Japan has one of the most advanced military industrial bases in the world, but companies such as Mitsubishi Heavy Industries have long made weapons only for the Self Defense Forces because of the arms export ban.
.
Since lifting those curbs, Abe has begun boosting security cooperation across Southeast Asia, where several countries with tight budgets are worried by China’s creation of man-made islands in the disputed South China Sea.
.
In June, Abe agreed with Philippine President Benigno Aquino on an exchange of military technology and hardware.
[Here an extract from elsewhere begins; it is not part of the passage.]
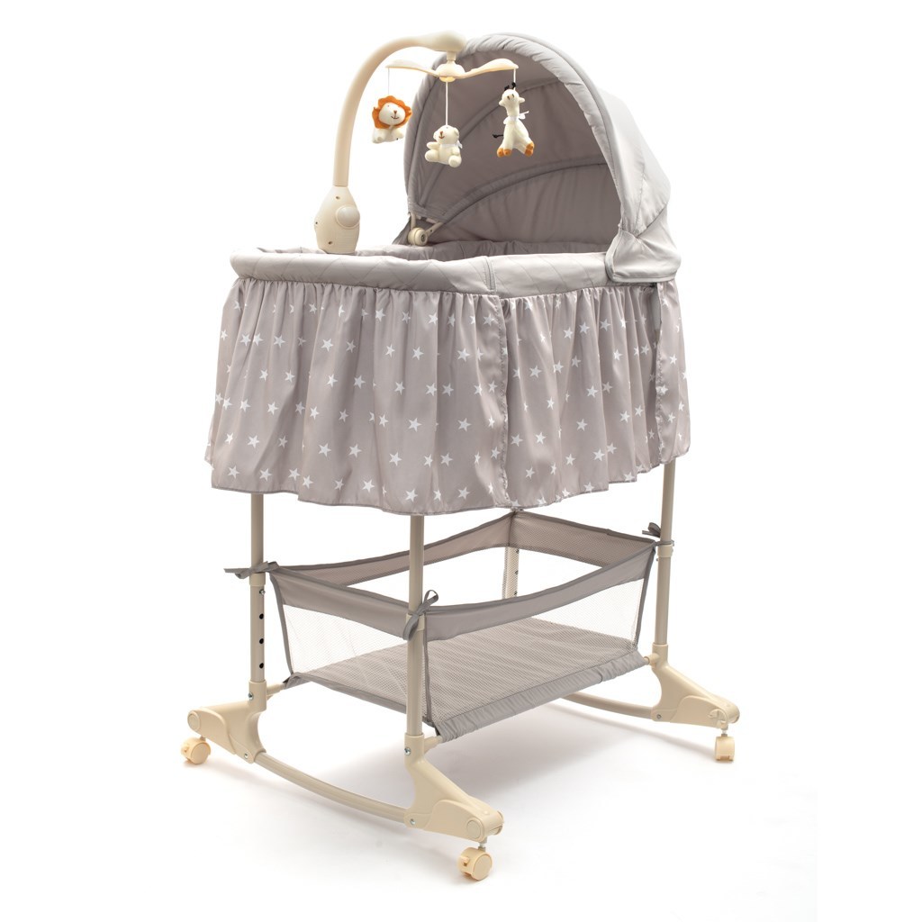 Multifunkční kolébka postýlka pro miminko New Baby hvězdičky šedá

Abe in May also agreed to start talks on transfers of defense equipment and technology with Malaysia.
.
And Australia is considering Japan as the possible builder of its next generation submarines, something U.S. naval commanders have publicly encouraged because doing so would deepen ties between two of Washington’s closest allies in Asia.
.
None of these initiatives, however, are multinational.
.
Some concerns in Tokyo
.
Japan’s navy already uses the SeaSparrow missile, which is assembled locally by Mitsubishi Electric under a co-production agreement with NATO and the U.S. manufacturers.
.
That would make the transition to a full consortium partner easier, said the U.S. source.
.
One of the Japanese sources said some concerns had been raised in Tokyo over diminished control over production by being a member, even though sharing of costs would be welcomed.
.
“The concern is what it would mean to security by having to rely on other nations,” the Japanese source said, referring to the possibility supplies of munitions and equipment from other countries could be disrupted more easily than those made at home, especially during any conflict.
.
It could also become a political issue since Japanese firms that supply parts for the SeaSparrow missiles made in Japan could miss out if Tokyo joined a consortium where work was spread among participating nations.
.
The U.S. Navy’s desire to see Japan in the consortium comes after a proposal for Mitsubishi Heavy to join Lockheed Martin Corp’s F-35 stealth fighter program fizzled out last year.
.
Japanese defense bureaucrats had hoped working on the F-35 as a subcontractor to rear fuselage maker BAE Systems of Britain would have given Mitsubishi Heavy exposure to global arms markets.
.
But it proved impossible for Mitsubishi Heavy to compete on pricing of components given the advantage enjoyed by contractors in the initial nine countries due to their governments’ funding of specialized tooling for the program.
.
“Japan recognizes that it should join these international groups to help amortize purchases and make their industry more competitive,” said a U.S. executive who works closely with the Japanese government and industry.
.
“You’re going to see them engaged in more and more bilateral, trilateral and multilateral groups in coming years.”